3.2. The Concept of Species Inside the Species Complex

Several elements from our results raise important questions regarding the definition of the species boundaries inside this Macrocarpaea species complex. Notably, neither the genetic distance-based dendrogram nor the Bayesian clustering analyses support the species boundary defined based on morphological data and field observations for M. claireae and M. xerantifulva. Macrocarpaea claireae in cluster A is relatively deeply nested in the middle of the populations of M. xerantifulva on the dendrogram. The Bayesian clustering analyses reveal that M. claireae 1 and the northernmost population of M. claireae 2, which were sampled a few kilometers apart from one another (<3 km), are members of the same genetic cluster (cluster A1). The fact that individuals belonging to cluster A1 are also found mixed with other genetic clusters in other populations close to the border between Ecuador and Peru indicates that M. claireae and M. xerantifulva may be the same species that displays a geographic genetic structure. The relatively low branch length at the internodes for clade A on the dendrogram also suggests relatively low genetic differentiation between populations inside the cluster, which support the hypothesis of the presence of a single species inside cluster A. However, as the samples of the populations of cluster A are very small, the structure detected within this cluster is probably not sufficiently strong from a statistical point of view and the species boundaries need to be tested with more solid approaches. Thus, future studies should revisit the taxonomic status of M. claireae and M. xerantifulva.

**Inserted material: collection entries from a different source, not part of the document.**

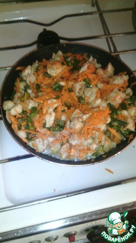 • Добавить готовые овощи и куриное филе, всё тщательно перемешать и обжарить ещё около 5-8 минут. По желанию можно добавить соевый соус.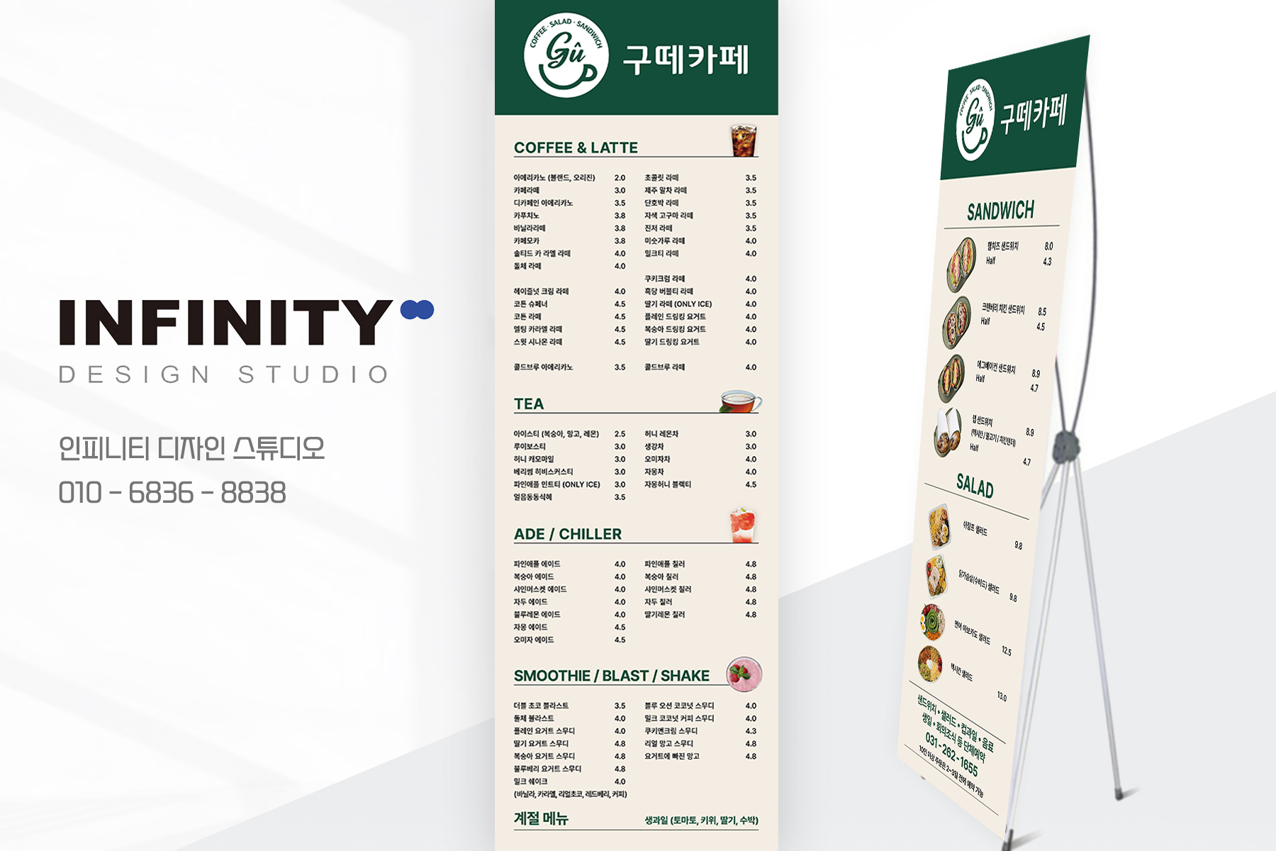 안녕하세요, 카페 배너 제작 전문 인피니티 디자인 스튜디오 입니다. 카페 오픈 준비중이거나, 이미 카페를 운영중이신 사장님들께 인기만점인 카페메뉴 배너 제작! 추천 포스팅 드립니다 카페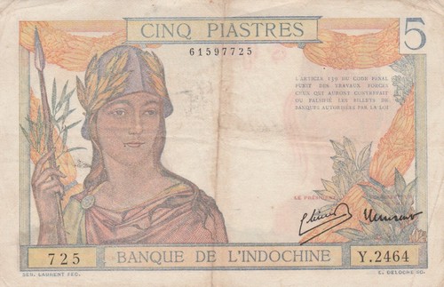 Collecters Item: Ministry of Indochina 5 Cinq Piastres Banknote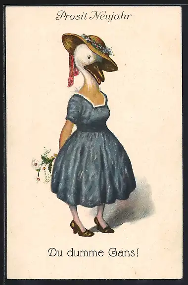 AK Vermenschlichte Gans in Kleid und Hut, Prosit Neujahr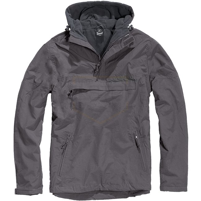 Stylish Brandit Windbreaker in Anthracite, size M. Fleece lined with wind and water repellent features. Comes with an extra long side zipper, velcro sleeve cuffs, and zip pockets. Made of 100% polyester with a polyester lining and elastic strings.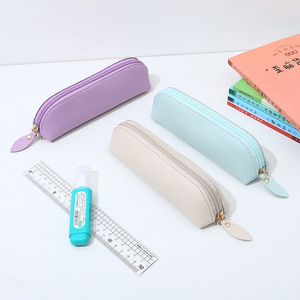批发可印logo创意PU皮笔袋拉链设计简约学习文具用品皮革收纳袋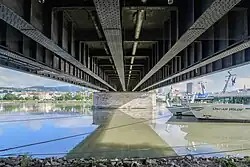Die Nibelungenbrücke in Linz verbindet die Stadtteile Innenstadt und Urfahr. Sie verläuft in nord-südlicher Richtung über die Wasserstraße Donau und ist 250 Meter lang, 30 Meter breit und liegt auf zwei Betonpfeilern. Die Brückendurchfahrtsbreite zwischen den Pfeilern beträgt 90,1 Meter, die Durchfahrtshöhe 7,52 m bei Normpegel.[1] Die Brücke wurde 1938 bis 1940 errichtet direkt neben der Stelle, an der bereits um 1500 die erste und lange Zeit einzige Linzer Brücke errichtet wurde. Die alte wurde nach Fertigstellung der neuen abgerissen.

A population genetic approach like we employ in this study has great potential to first detect the genetic boundaries of cryptic species and then to assist the taxonomic assignment of individuals to one species or another. Surprisingly, the ∆K statistics [48] only favored 3 genetic groups inside cluster B where we recognized 10 taxonomic species [28,35]. We think that this small number of groups identified is very likely the outcome of the detection of a deep genetic structure inside cluster B, rather than the presence of a maximum of three differentiated genetic groups [49]. This is illustrated by the low level of admixture detected inside each sub-cluster (Figure 1III). In comparison, the mean log-likelihood for the number of clusters (mean L(K); Figure S1C) only started to reach a plateau around K = 6 and thus indicates the potential presence of additional levels of genetic structure. The comparison of the partitioning of the genetic variance (AMOVA, Table 2), either assuming the species boundaries or the genetic clusters as the highest level of genetic structure, revealed that the species boundaries explained a greater proportion of the genetic variance, which also supports the idea that the genetic clusters identified by STRUCTURE did not capture the totality of the genetic structure present in our dataset.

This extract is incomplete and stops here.